Background

Trichilemmal carcinoma (TC) is a rare hair follicle tumor originating from the outer root sheath epithelium. Although its incidence rate is not clear, it is known to be very rare. According to the review by Hamman et al. [1], only 103 cases has been reported as of 2014. TC was first reported by Headington in 1976 [2] and is also known as tricholemmal carcinoma or tricholemmocarcinoma. It is sometimes confused with the malignant form of a proliferating trichilemmal cyst or proliferating trichilemmal carcinoma, but they have distinct features. TC occurs in aged people as a solitary lesion in a sun-exposed area, especially the head and neck region. Its clinical features resemble basal cell carcinoma, squamous cell carcinoma, keratoacanthoma, or proliferating pilar cyst [3, 4]. It manifests as a polypoid or exophytic mass with or without ulceration. It can be also found as an erythematous or keratotic nodule or indurated plaque. It is thought to be locally aggressive but has a benign clinical course, which can be easily treated with complete excision. Although rare, multiple cases of local recurrence in TC have been reported. In addition, one metastatic tumor has been reported and was treated with adjuvant chemotherapy after wide surgical excision [1]. Typical histopathology of TC shows trichilemmal keratinization and a peripheral palisading pattern indicating the follicular root sheath origin of the tumor. The tumor consists of cytologically atypical, glycogen-rich cells with atypical mitosis. The border is sharply defined and has pushing margins continuous with epidermis or pilosebaceous structures [5].

Its pathogenesis is not well understood, but several factors have been suggested as risk factors including UV and ionizing radiation or preexisting scars. Some reports have described trichilemmal carcinoma diagnosed in patients with xeroderma pigmentosa, those with Cowden syndrome, and solid-organ transplant recipients [6]. Other reports have described TC arising from long-standing seborrheic keratosis [7], wherein histology of the lesion revealed varying degrees of local actinic damage. These reports imply that the development of TC is associated with chronic UV and radiation exposure or aging process. However, other reports have indicated that p53 gene is related with malignant transformation of TC. Takata et al. [8] suggested that the loss of wild-type p53 heterozygosity is a critical event for the malignant transformation of TC. To our knowledge, no other reports have identified the genetic alteration observed in TC.

Genomic profiling is widely performed in various tumors, and the results usually suggest the pathogenesis or treatment options.
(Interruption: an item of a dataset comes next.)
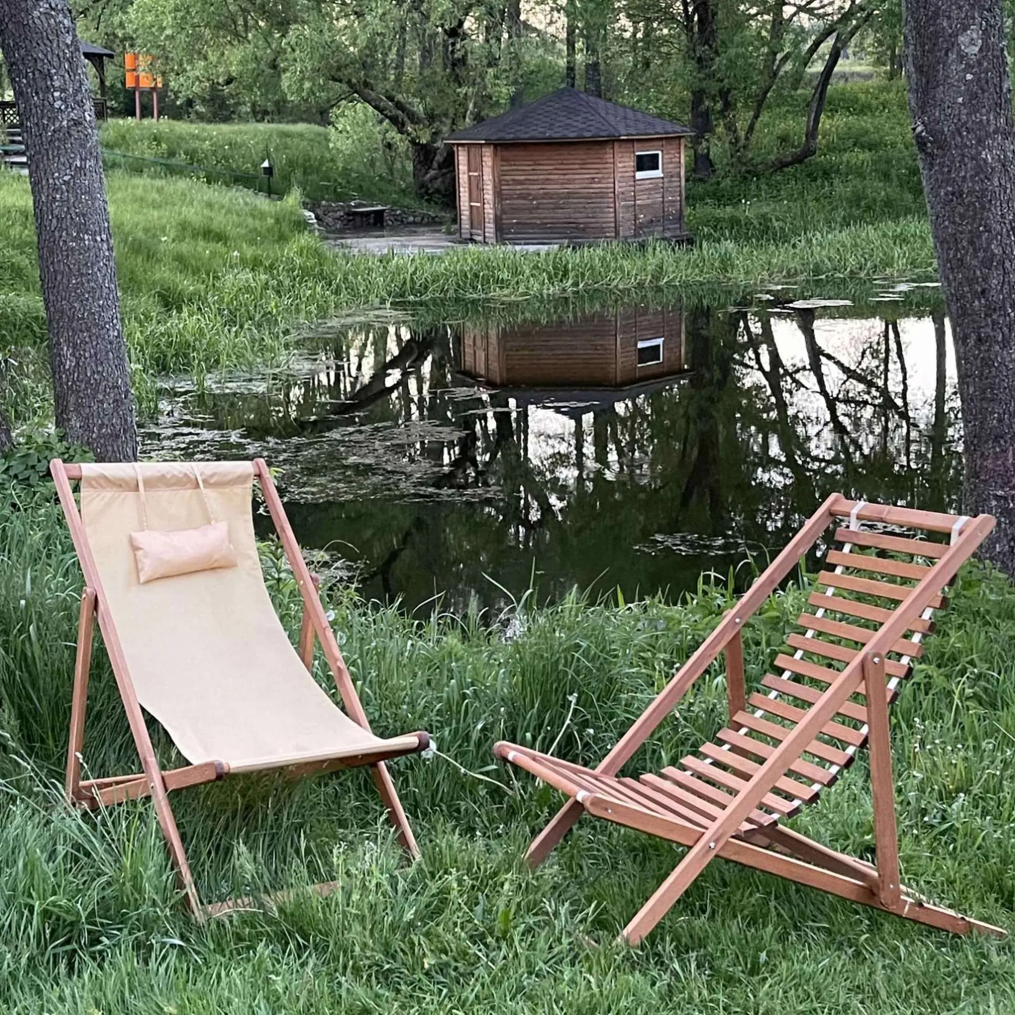 Кресло-шезлонг DYATEL сиденье из дерева сосна (цвет дуб)

We aimed to explore the genetic abnormalities involved in TC using panel of cancer genes to obtain insight into its molecular pathogenesis. The results of this study may further suggest possible treatment options or potential drug targets.

Methods

Clinical data was retrospectively reviewed in six patients who were diagnosed with trichilemmal carcinoma from 2004 to 2016 in Seoul National University Hospital (SNUH) and Seoul National University Bundang Hospital (SNUBH). Of these, four patients underwent a panel sequencing of 83 genes. Other patients were not available for DNA extraction due to the lack of tissue from the formalin-fixed paraffin-embedded (FFPE) tumor tissue block. Overall survival (OS) was calculated as the time from diagnosis of TC to death from any causes. Patients were censored at the time of the last visit until January 1, 2020. The study was approved by the Institutional Review Board of SNUH and SNUBH (IRB No. H-1703-035-836, B-1711–432-401).

Next-generation sequencing

DNA was extracted from 10-μm thick paraffin sections containing a representative portion of each tumor block by proteinase-K digestion. Genomic DNA was isolated from FFPE tumor tissue blocks using the QIAamp DNA mini kit (Qiagen, Manchester, UK), and the qualified DNA samples were captured and sequenced with SureSelect (Agilent, Inc., USA) following the manufacturer’s instructions. The panel of 83 targeted cancer genes were focused on well-known oncogenes reported in the Catalog of Somatic Mutations in Cancer (COSMIC) database rather than relatively unknown genes whose functional effects are currently in question. The panel included the coding exons of 72 genes to detect single nucleotide variants (SNVs), insertion/deletions (indels), and copy number variations (CNVs), as well as some introns for 5 genes to detect gene fusions. After being aligned to the human genome 19 reference and filtered for germline polymorphisms and false positives, SNVs with a variant allele frequency ≥ 5% and indels with a variant allele frequency ≥ 10% were selected as the final results. SNVs and indels were detected with the ensemble method integrating three open-source callers: UnifiedGenotyler [9], LoFreq [10], SNVer [11], and SamsungSDS’s in-house callers.

CNVs were analyzed using the depth of coverage for each target region between the tumor and preprocessed normal data. For translocation detection, a paired-end mapping analysis and a split-alignment analysis were applied. All discordant read-pairs with an abnormal insert-size or orientation were screened and soft-clipping information of the split-reads was investigated as the evidence of the genomic rearrangements. The cut-off values used were CNs ≥7 for amplification, CN 0 for homo-deletion, and split-read support count ≥3 for translocation. SNVs, indels, CNVs, and translocations were discovered with in-house callers developed by SamsungSDS.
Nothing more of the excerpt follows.